16 Aurigae

Observation data Epoch J2000 Equinox ICRS
- Constellation: Auriga
- Right ascension: 05^{h} 18^{m} 10.576^{s}
- Declination: +33° 22′ 17.77″
- Apparent magnitude (V): 4.552

Characteristics
- Evolutionary stage: red giant branch
- Spectral type: K2.5 IIIb CN-0.5
- U−B color index: +1.26
- B−V color index: +1.276

Astrometry
- Radial velocity (R_{v}): −28.44 km/s
- Proper motion (μ): RA: +28.505±0.713 mas/yr Dec.: −158.421±0.504 mas/yr
- Parallax (π): 9.5090±0.5651 mas
- Distance: 340 ± 20 ly (105 ± 6 pc)
- Absolute magnitude (M_{V}): 0.28

Orbit
- Period (P): 434.16±0.03 d
- Semi-major axis (a): 7.24±1.59 mas
- Eccentricity (e): 0.1189±0.0026
- Inclination (i): 52.93±9.46°
- Longitude of the node (Ω): 56.20±11.65°
- Periastron epoch (T): 2,448,348.1172±17.1872 JD
- Argument of periastron (ω) (secondary): 70.1±1.2°

Details

16 Aur A
- Mass: 1.30 M_{☉}
- Radius: 19.86±0.89 R_{☉}
- Luminosity: 127±11 L_{☉}
- Surface gravity (log g): 1.87 cgs
- Temperature: 4,264±58 K
- Metallicity [Fe/H]: −0.40 dex
- Rotational velocity (v sin i): 0.0 km/s
- Age: 5.07 Gyr
- Other designations: 16 Aur, NSV 1909, BD+33°1000, HD 34334, HIP 24727, HR 1726, SAO 57853, PPM 70153, ADS 3872, WDS J05182+3322

Database references
- SIMBAD: data

= 16 Aurigae =

Triple star system in the constellation Auriga

16 Aurigae is a triple star system located 340 light years away from the Sun in the northern constellation of Auriga. It is visible to the naked eye as a faint, orange-hued star with an apparent visual magnitude of 4.547, and is located about 2/3 of the way from Capella toward Beta Tauri. It also lies in the midst of the Melotte 31 cluster, but is merely a line-of-sight interloper. The system has a relatively high proper motion, advancing across the celestial sphere at the rate of 0.166 arc seconds per annum, and is moving closer to the Earth with a heliocentric radial velocity of −28 km/s.

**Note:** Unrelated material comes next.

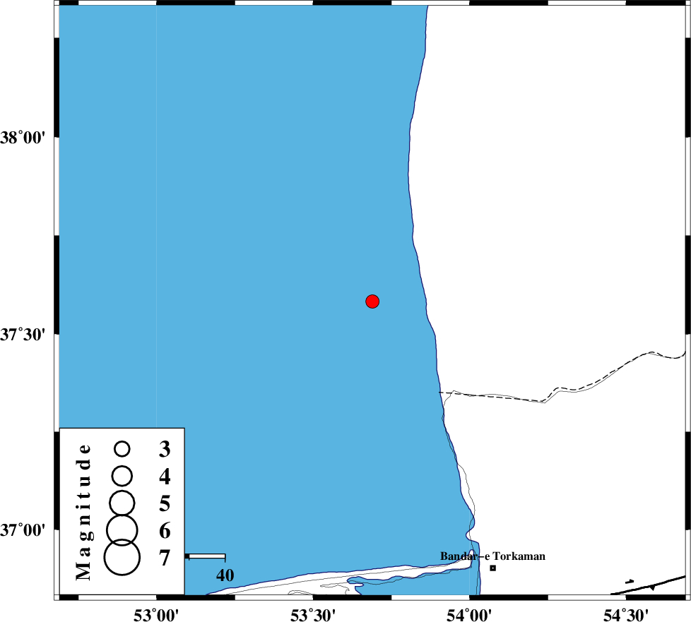 | KHAZAR_F (Length: 523 km) , Distance to epicenter: 96 km | |

The primary component is a single-lined spectroscopic binary with an orbital period of 434.16 days and an eccentricity of 0.1189. The visible member is an aging K-type giant star with a stellar classification of K2.5 IIIb CN-0.5; sometimes just given as K3 III. The notation of the former class indicates weak lines of CN in the spectrum. This star is an estimated five billion years old with 1.30 times the mass of the Sun. As a consequence of exhausting the hydrogen at its core, it has expanded to 20 times the Sun's radius. The star is radiating 127 times the luminosity of the Sun from its enlarged photosphere at an effective temperature of 4,264 K.

A third component is a magnitude 10.6 star at an angular separation of 4.2 arcsecond. It shows a common proper motion with the primary and thus is a likely third member of the system.